E portanto, esta ideia de que em Portugal houve aqui
um conjunto de pessoas que resolveram viver dos subsídios e de não trabalhar e
que viveram acima das suas possibilidades é uma mentira inaceitável.
Nós orientámos os nossos investimentos públicos e
privados em função das opções da União Europeia: em função dos fundos
comunitários, em função dos subsídios que foram dados e em função do crédito
que foi proporcionado. E portanto, houve um comportamento racional dos agentes
económicos em função de uma política induzida pela União Europeia. Portanto não
é aceitável agora dizer que somos todos culpados. Podemos todos concluir e acho
que devemos concluir que errámos, agora eu não aceito que esse erro seja um
erro unilateral dos portugueses. Não, esse foi um erro do conjunto da União
Europeia e a União Europeia fez essa opção porque a União Europeia entendeu que
era altura de acabar com a sua própria indústria e ser simplesmente uma praça
financeira. E é isso que estamos a pagar!
A ideia de que os portugueses são responsáveis pela
crise, porque andaram a viver acima das suas possibilidades, é um enorme
embuste. Esta mentira só é ultrapassada por uma outra. A de que não há
alternativa à austeridade, apresentada como um castigo justo, face a hábitos de
consumo exagerados. Colossais fraudes. Nem os portugueses merecem castigo, nem
a austeridade é inevitável.
Quem viveu muito acima das suas possibilidades nas
últimas décadas foi a classe política e os muitos que se alimentaram da enorme
manjedoura que é o orçamento do estado. A administração central e local
enxameou-se de milhares de "boys", criaram-se institutos inúteis,
fundações fraudulentas e empresas municipais fantasma. A este regabofe
juntou-se uma epidemia fatal que é a corrupção.

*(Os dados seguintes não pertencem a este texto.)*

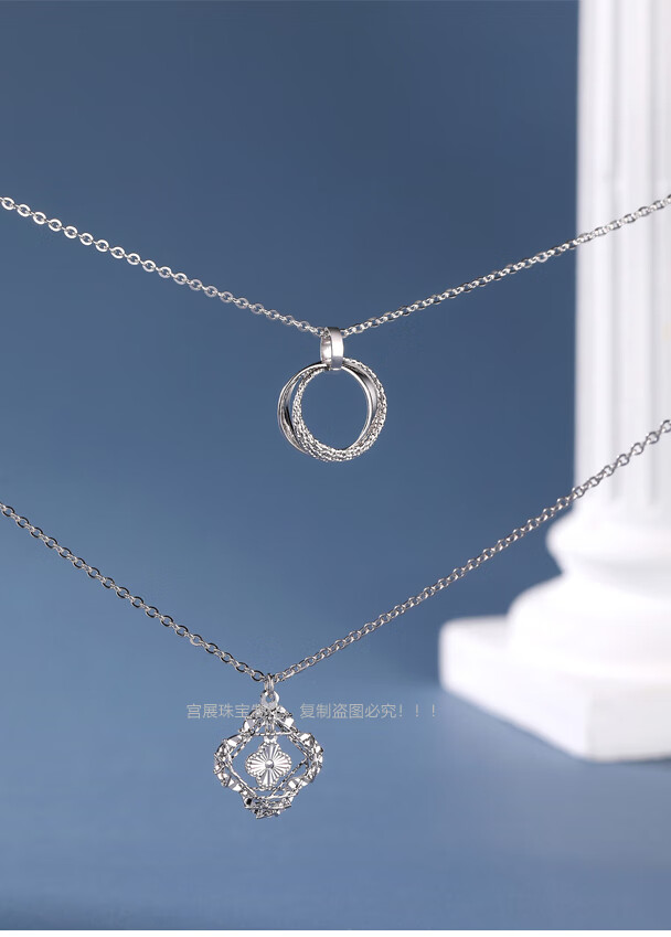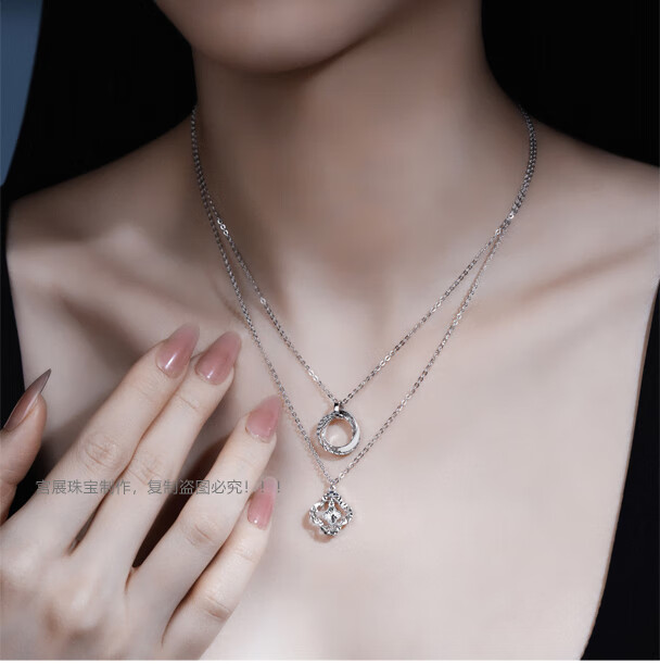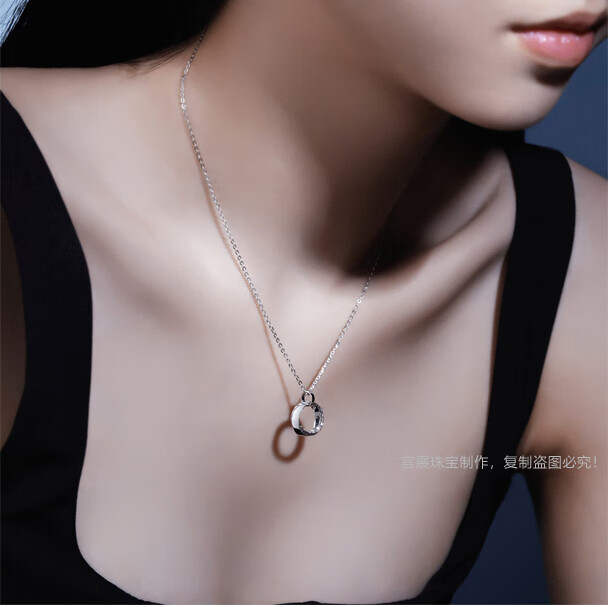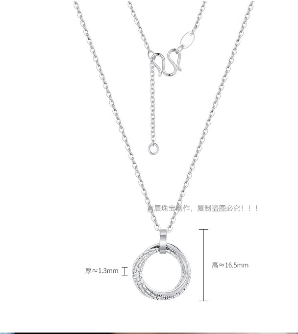 Gongzhan Geometric Ring Platinum Necklace for Women, Simple and Versatile pt950 Platinum Chain Set Authentic Birthday Gift for Girlfriend Geometric Ring Necklace Platinum pt950 Approximately 5-5.2 Grams
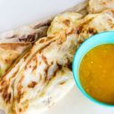Delicious roti canai prepared with lightly beaten egg encased inside

Os exemplos sucederam-se. A Expo 98 transformou uma
zona degradada numa nova cidade, gerou mais-valias urbanísticas milionárias,
mas no final deu prejuízo. Foi ainda o Euro 2004, e a compra dos submarinos,
com pagamento de luvas e corrupção provada, mas só na Alemanha. E foram as
vigarices de Isaltino Morais, que nunca mais é preso. A que se juntam os casos
de Duarte Lima, do BPN e do BPP, as parcerias público-privadas 16 e mais um rol
interminável de crimes que depauperaram o erário público.
Todos estes negócios e privilégios concedidos a um
polvo que, com os seus tentáculos, se alimenta do dinheiro do povo têm
responsáveis conhecidos. E têm como consequência os sacrifícios por que hoje
passamos.
Enquanto isto, os portugueses têm vivido muito abaixo
do nível médio do europeu, não acima das suas possibilidades. Não devemos pois,
enquanto povo, ter remorsos pelo estado das contas públicas. Devemos antes
exigir a eliminação dos privilégios que nos arruínam. Há que renegociar as
parcerias público--privadas, rever os juros da dívida pública, extinguir
organismos... Restaure-se um mínimo de seriedade e poupar-se-ão milhões. Sem
penalizar os cidadãos.
Não é, assim, culpando e castigando o povo pelos erros
da sua classe política que se resolve a crise. Resolve-se combatendo as suas
causas, o regabofe e a corrupção. Esta sim, é a única alternativa séria à
austeridade a que nos querem condenar e ao assalto fiscal que se anuncia."